2001 film by Brian Clement

Meat Market 2 is a 2001 Canadian horror film directed and written by Brian Clement. It stars Claire Westby, Alison Therriault, and Stephan Eng as zombie hunters who discover a safe haven run by an authoritarian cult leader. It is the sequel to Clement's 2000 film Meat Market and is followed by Meat Market 3.

== Plot ==
Argenta, her vampire friend Nemesis, and a fellow survivor named Ferriden arrive at a safe haven run by Bill Wilhelm, who requires the people he shelters to surrender their freedom.
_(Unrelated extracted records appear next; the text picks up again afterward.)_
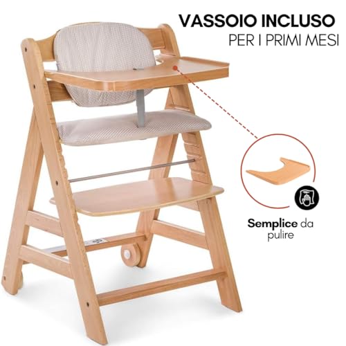 CRESCE CON IL BAMBINO: Nei primi mesi si usa la sdraietta neonato dondolo. In seguito nel seggiolone legno evolutivo. Cresce con il tuo bambino per tutta la sua vita e può essere usato anche dai genitori fino a 90 kg.
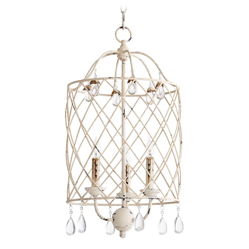 Quorum 6944-3-70 Crystal Accents Three Light Entry Pendant from Venice Collection in White Finish,
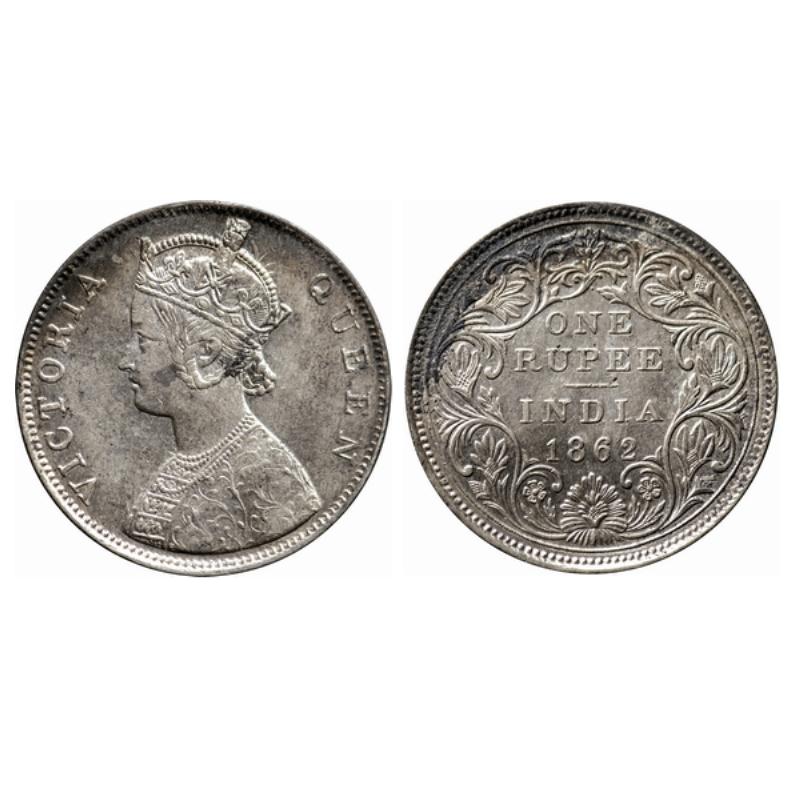 Victoria Queen, Silver, Rupee (2 Coins), 1862 Calcutta Mint, A/I, without initial 'J', Top of A In ...
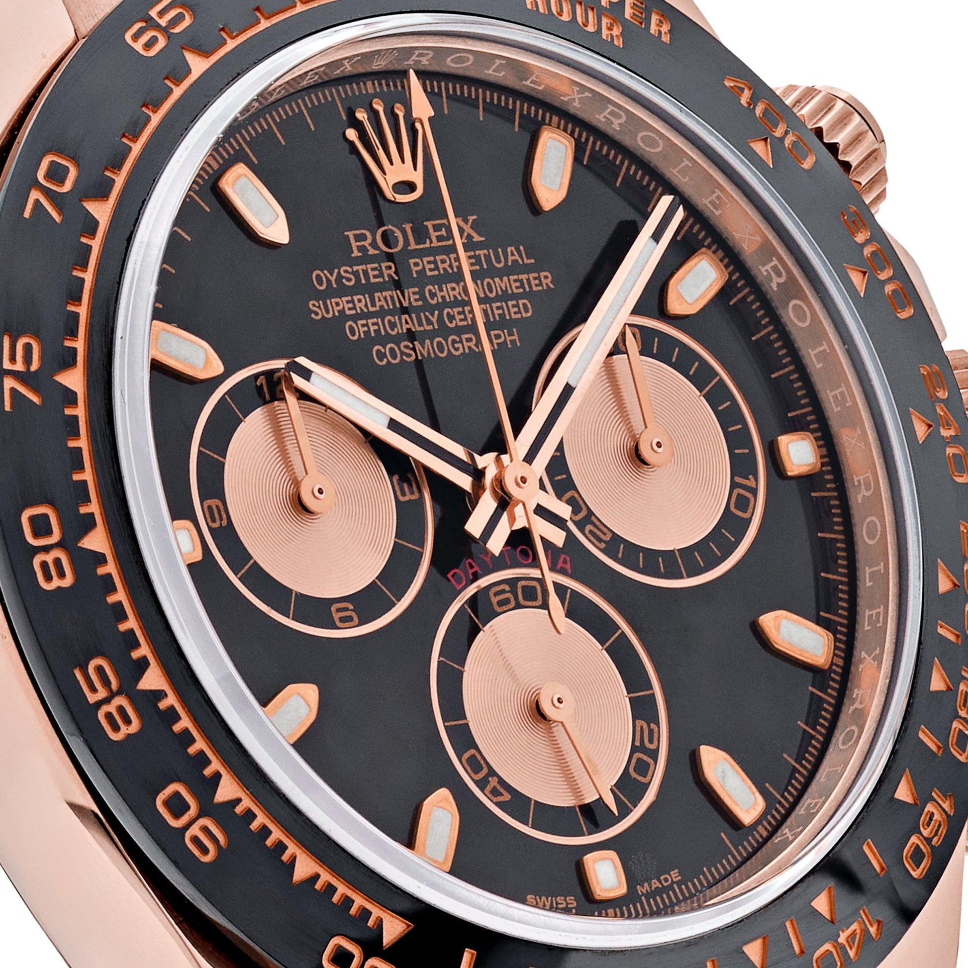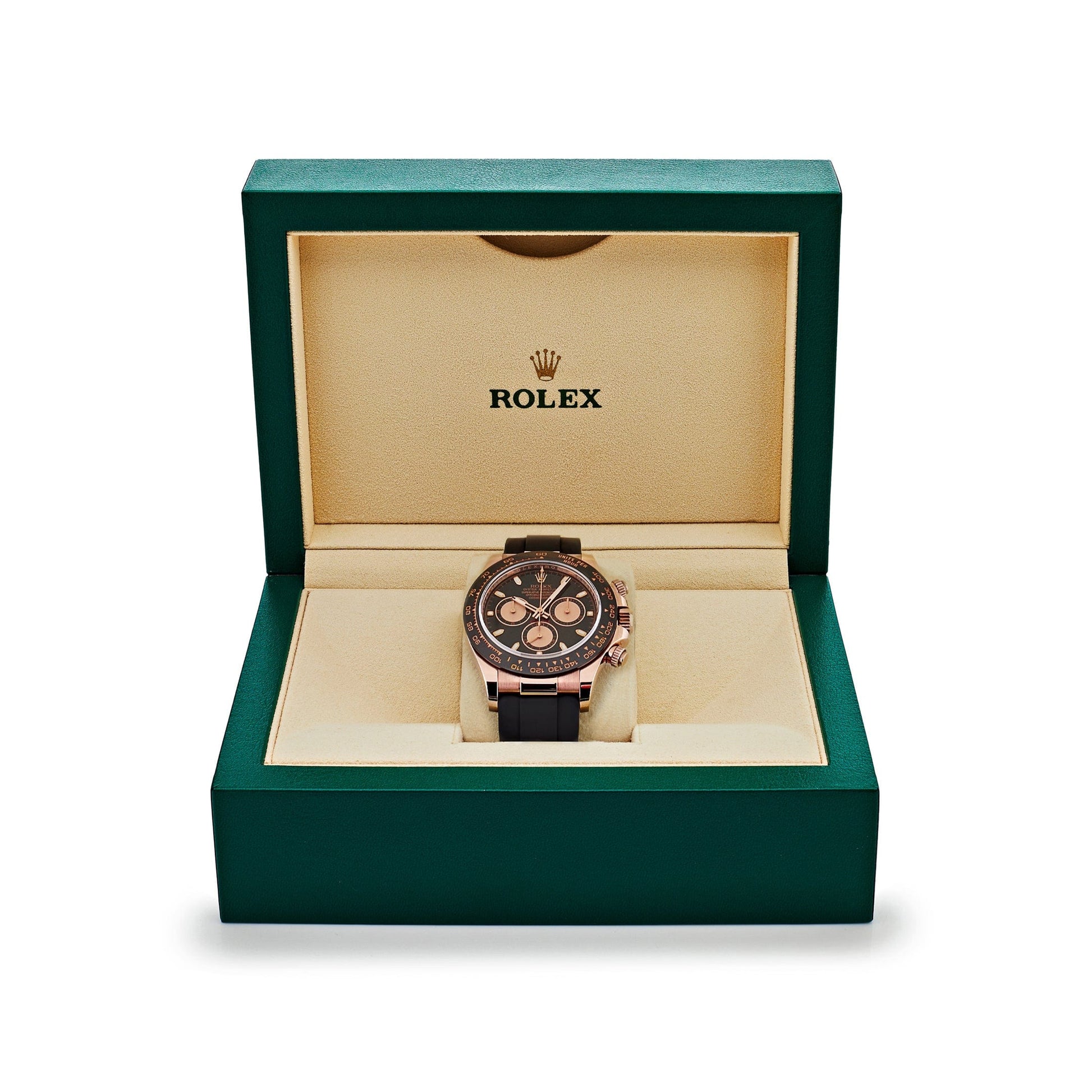 This 2025 Watch Daytona 116515LN?is designed in a 40mm 18k rose gold case. a ceramic bezel featuring?a Tachymetric scale. and a?black dial with?rose gold sub-dials.?The hour markers?and hands work with?Chromalight?display to provide optimal legibility. It is housed on a black rubber strap with a folding clasp. This 2025 Watch is the pinnacle between form. function. and fashion.?

Wilhelm wants to recruit Argenta, but he does not care for her companions. Nemesis is seemingly executed and Ferriden turned over to mad scientists in the compound. When Nemesis returns for vengeance, zombies attack the inhabitants and kill Wilhelm.

== Cast ==
- Claire Westby as Argenta
- Alison Therriault as Nemesis
- Stephen Eng as Ferriden
- Terra Thomsen as Lt. Janet Habsburg
- Rob Nesbitt as Bill Wilhelm
- Chuck Depape as Dr. Gehlen
- Dave Krawchuck as Dr. Hubbard
- Dustan Roberts as The Chef

== Release ==
Sub Rosa Studios released the film in a bundle with Meat Market, the first film, in January 2007.

== Reception ==
Mike Bracken of IGN called the film watchable, especially considering its budget, but he criticized the weak social commentary and slow pacing. Beyond Hollywood wrote that the film panders too much to fans of gore films while ignoring the story. Commenting on the number of zombies and excessive gore, Peter Dendle wrote in The Zombie Movie Encyclopedia that the franchise "traffics in quantity over quality."